Qqwy / Marten (Jun 24 2022 at 18:14):

Brendan Hansknecht (Jun 24 2022 at 18:56):

Richard Feldman (Jun 24 2022 at 19:01):

the way it works today is that to mark something as readonly, there has to be a usize zero right before the beginning of the allocation

Richard Feldman (Jun 24 2022 at 19:02):

and with memmap we can't control that; we can't make sure there's eight bytes worth of zeroes right before the beginning of the allocation

Richard Feldman (Jun 24 2022 at 19:03):

however, with slices it works differently; we get to set the capacity field to a negative number, which means "add this (negative) number to the pointer to obtain a pointer to the refcount (the refcount being the usize we need to set to 0)"

Richard Feldman (Jun 24 2022 at 19:04):

so in that world we can do something sneaky, which is to put a usize zero in memory somewhere in the host, find the (negative) offset between that and the pointer that memmap returns (wrapping around if necessary), and then set that negative number in the capacity field

Richard Feldman (Jun 24 2022 at 19:05):

that said, I'm not sure if we want to just because we can - it's risky in the sense that if I have a Roc program that stores the memmap'd List U8 and reads from it multiple times throughout the course of the program, it could get different answers

Richard Feldman (Jun 24 2022 at 19:06):

because it's immutable with respect to Roc code, but other processes can still modify it on the filesystem, resulting in the bytes changing in-memory for the Roc program too

Richard Feldman (Jun 24 2022 at 19:06):

Richard Feldman (Jun 24 2022 at 19:11):

kinda - in this particular API, there are some cases where the low-level operations need to share certain types with the high-level operations, so there are certain questions I want to figure out now in order to see how everything fits together.

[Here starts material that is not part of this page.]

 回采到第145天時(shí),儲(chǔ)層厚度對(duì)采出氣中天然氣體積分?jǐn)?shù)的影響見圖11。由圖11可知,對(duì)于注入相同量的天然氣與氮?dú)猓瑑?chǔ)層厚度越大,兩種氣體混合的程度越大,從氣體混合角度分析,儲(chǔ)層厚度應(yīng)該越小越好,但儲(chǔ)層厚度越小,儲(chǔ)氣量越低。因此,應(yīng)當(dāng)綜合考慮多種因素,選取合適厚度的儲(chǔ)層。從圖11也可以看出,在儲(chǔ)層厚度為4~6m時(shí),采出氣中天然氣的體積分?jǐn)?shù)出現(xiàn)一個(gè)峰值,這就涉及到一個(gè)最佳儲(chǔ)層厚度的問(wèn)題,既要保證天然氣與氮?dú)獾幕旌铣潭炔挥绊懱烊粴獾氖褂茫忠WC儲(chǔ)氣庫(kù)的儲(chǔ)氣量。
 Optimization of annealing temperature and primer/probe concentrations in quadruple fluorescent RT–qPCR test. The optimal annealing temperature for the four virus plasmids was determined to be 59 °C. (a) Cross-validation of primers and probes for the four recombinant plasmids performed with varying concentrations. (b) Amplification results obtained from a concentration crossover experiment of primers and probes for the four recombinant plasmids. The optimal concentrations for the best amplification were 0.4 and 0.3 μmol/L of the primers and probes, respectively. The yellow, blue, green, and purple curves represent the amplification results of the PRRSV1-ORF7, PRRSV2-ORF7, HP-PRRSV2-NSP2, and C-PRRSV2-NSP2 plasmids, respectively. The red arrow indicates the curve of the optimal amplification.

I'm trying to get a basic draft working and see what problems arise, so if there are any blocking compiler bugs (e.g. it turns out https://github.com/rtfeldman/roc/issues/3314 is a blocker) they can hopefully get resolved in parallel to the actual implementation of the CLI platform

Richard Feldman (Jun 24 2022 at 19:24):

Qqwy / Marten (Jun 24 2022 at 19:29):

Looking forward to the draft! If you have more concrete ideas about how the API might look, I'd love to talk more about it

Qqwy / Marten (Jun 24 2022 at 19:35):

:thinking: In a perfect world, everyone would be using io-uring already and no extra buffering would be required. One can dream :sweat_smile:

Brendan Hansknecht (Jun 24 2022 at 20:32):

MAP_PRIVATE
              Create a private copy-on-write mapping.  Updates to the
              mapping are not visible to other processes mapping the
              same file, and are not carried through to the underlying
              file.  It is unspecified whether changes made to the file
              after the mmap() call are visible in the mapped region.

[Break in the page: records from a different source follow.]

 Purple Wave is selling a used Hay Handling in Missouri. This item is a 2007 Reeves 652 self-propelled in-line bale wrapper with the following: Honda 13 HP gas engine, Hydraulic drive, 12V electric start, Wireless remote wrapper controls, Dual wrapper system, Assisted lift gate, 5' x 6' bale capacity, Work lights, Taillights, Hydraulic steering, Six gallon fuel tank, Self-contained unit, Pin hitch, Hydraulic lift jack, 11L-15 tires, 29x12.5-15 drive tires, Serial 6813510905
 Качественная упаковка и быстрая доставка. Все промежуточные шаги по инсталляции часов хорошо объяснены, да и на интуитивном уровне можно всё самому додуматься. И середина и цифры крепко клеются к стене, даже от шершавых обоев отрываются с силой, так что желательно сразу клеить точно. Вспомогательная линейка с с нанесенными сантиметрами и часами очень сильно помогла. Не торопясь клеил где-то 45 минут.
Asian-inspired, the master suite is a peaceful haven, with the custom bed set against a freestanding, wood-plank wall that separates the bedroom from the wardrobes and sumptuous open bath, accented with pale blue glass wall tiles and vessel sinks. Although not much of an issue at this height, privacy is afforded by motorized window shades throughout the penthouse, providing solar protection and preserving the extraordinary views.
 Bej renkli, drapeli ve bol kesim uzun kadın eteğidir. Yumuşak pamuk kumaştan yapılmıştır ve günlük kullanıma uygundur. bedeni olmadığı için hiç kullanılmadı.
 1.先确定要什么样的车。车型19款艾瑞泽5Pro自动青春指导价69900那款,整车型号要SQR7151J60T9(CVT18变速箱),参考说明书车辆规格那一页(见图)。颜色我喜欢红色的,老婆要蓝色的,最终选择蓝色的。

Brendan Hansknecht (Jun 24 2022 at 20:36):

In most functional languages, wouldn't this normally be done lazily. The lazy io handler would then deal with buffering? Run func until I have a chunk, write it, repeat until lazy function returns nothing.

Qqwy / Marten (Jun 24 2022 at 20:37):

Brendan Hansknecht (Jun 24 2022 at 20:40):

As a side question: what about patching writes? Is that at all in your use case here, or are you always thinking in whole files for CLI. Cause patching would want a different api probably.

And I guess another question: what is your stdin/out plan? I feel that files should be able to look the same as stdin/out and vice versa. Which I guess would suggest supporting streaming (byte by byte std*) and either full block or chunked api (file).

Richard Feldman (Jun 24 2022 at 21:27):

patching writes as in writing to part of the file, but not overwriting the whole thing (or just appending)?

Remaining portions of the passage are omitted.